AWS re:Invent 2025 - Secure Global DNS resolution: Introducing Route 53 Global Resolver (NET217)

AWS re:Invent 2025 - Secure Global DNS Resolution: Introducing Route 53 Global Resolver

Key Challenges Addressed

• Split DNS Management: Customers struggled to maintain forwarding rules and DNS resolution views across multiple locations, data centers, and client types.
• DNS Exfiltration Prevention: Customers needed a way to filter out malicious domains and prevent data exfiltration over DNS.
• Centralized Logging and Compliance: Customers required a single location to store and audit all DNS query logs for compliance purposes.
• Failover and High Availability: Customers needed resilient, highly available DNS resolution for critical applications and clients.

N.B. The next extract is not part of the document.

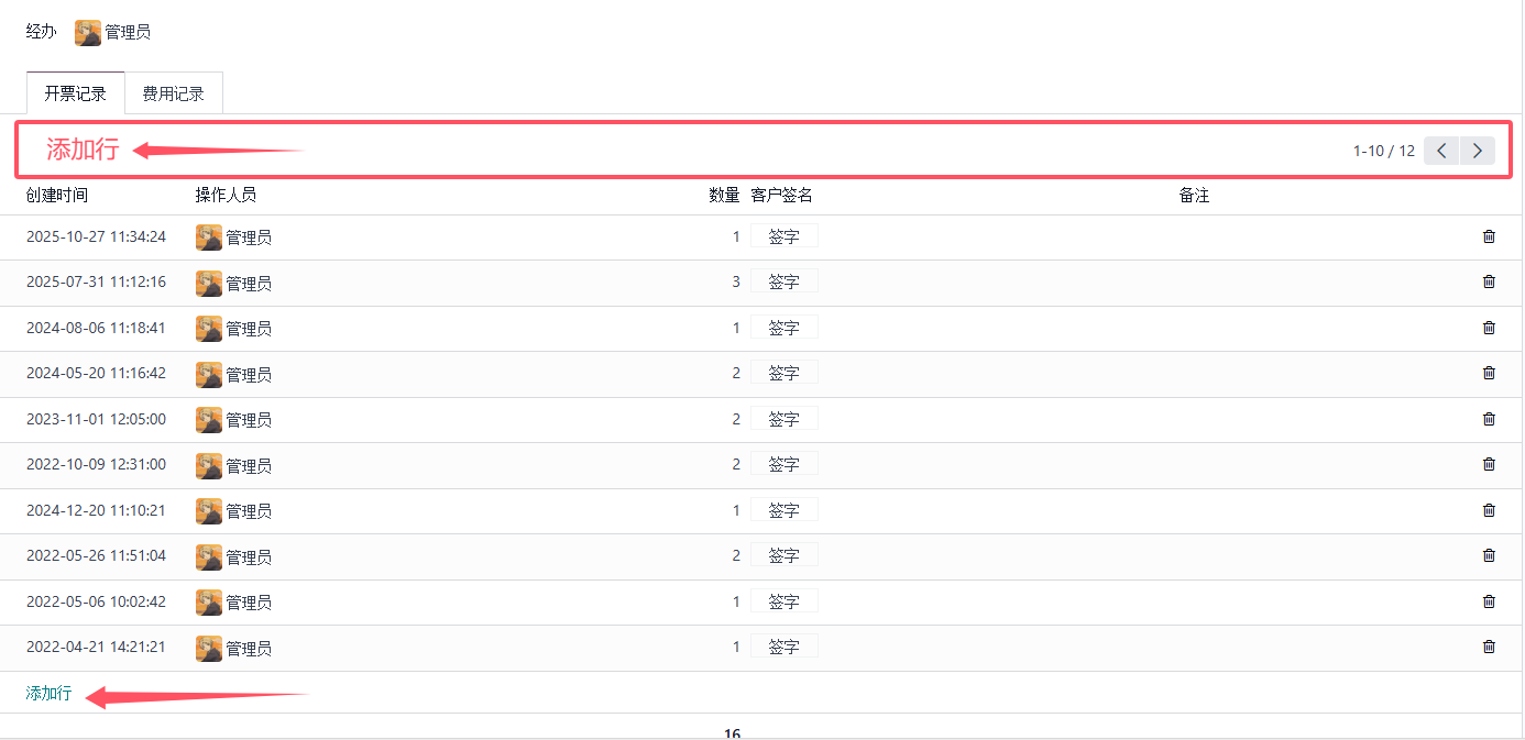 添加行”按钮默认显示在列表底部,这是 Odoo 的标准行为,无法通过 XML 直接移动到顶部
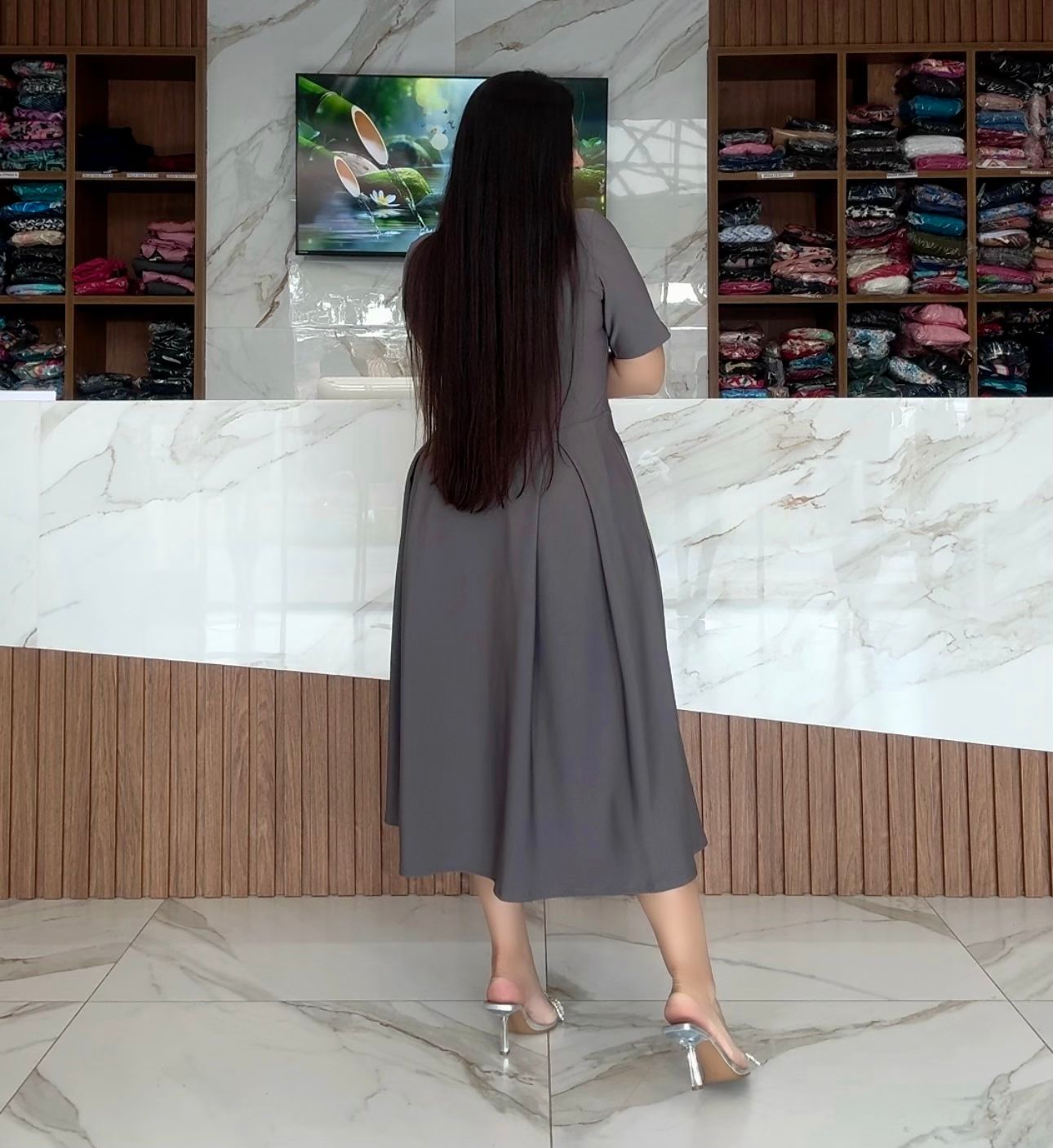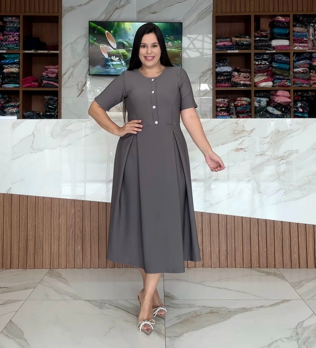 VESTIDO MAX MIDI COM PREGAS BOTÃO NÃO FUNCIONAL MANGA MEDIA CONFECCIONADO EM MONTARIA PREMIUM !!!

Introduction to Route 53 Global Resolver

• Global Resolver is a new anycast DNS resolver service from AWS that provides:
  • Unified DNS resolution for both private and public domains
  • Integrated DNS security and filtering capabilities
  • Centralized logging and observability
  • Optimized for low latency and high availability

Key Features and Benefits

Simplified Split DNS Management

• Global Resolver allows you to manage split DNS resolution for private and public domains from a single service.
• You can create logical "DNS Views" to apply different resolution and security policies to different client groups.
• This eliminates the need to maintain forwarding rules and DNS configurations across multiple locations.

Secure DNS Access and Traffic Filtering

• Global Resolver only allows authenticated clients to access the service using IP-based access sources or access tokens.
• Integrated DNS firewall provides pre-configured domain categories for blocking, alerting, or allowing traffic based on threat intelligence.
• Advanced protections detect and mitigate DNS tunneling and domain generation algorithm (DGA) attacks in real-time.
• Encrypted DNS protocols (DoH, DoT) protect DNS queries in transit.

Centralized Logging and Observability

• All DNS queries are logged to a centralized S3 bucket of your choice, enabling easy auditing and compliance.
• Logs can be used to investigate security incidents and optimize DNS policies over time.

Resilient, Low-Latency DNS Resolution

• Global Resolver is an anycast service, automatically routing traffic to the closest available AWS region.
• Customers configure at least two regions for failover, ensuring high availability even in the event of a regional outage.
• The service is optimized for low latency, providing fast DNS resolution for clients around the world.

Positioning and Use Cases

• Global Resolver is recommended for:
  1. Consistent DNS resolution across multiple locations (data centers, branch offices, remote clients)
  2. Securing and controlling DNS access for disconnected sites
  3. Providing highly available DNS resolution for critical applications
• Global Resolver complements the existing Route 53 Resolver (now renamed VPC Resolver) for internal VPC-based DNS resolution.

Just Walkout Stores Case Study

• Just Walkout Stores, an Amazon technology for cashierless shopping, uses Global Resolver to:
  • Simplify network architecture and reduce operational overhead
  • Support dynamic IP addresses for new store deployments
  • Enhance security with encrypted DNS and integrated filtering
  • Achieve low-latency, highly available DNS resolution globally

Availability and Pricing

• Global Resolver is available in preview in 11 regions across North America, Europe, Asia Pacific, and Australia.
• Pricing is based on the number of regions used and the volume of DNS queries, with the first billion queries per month free during the preview period.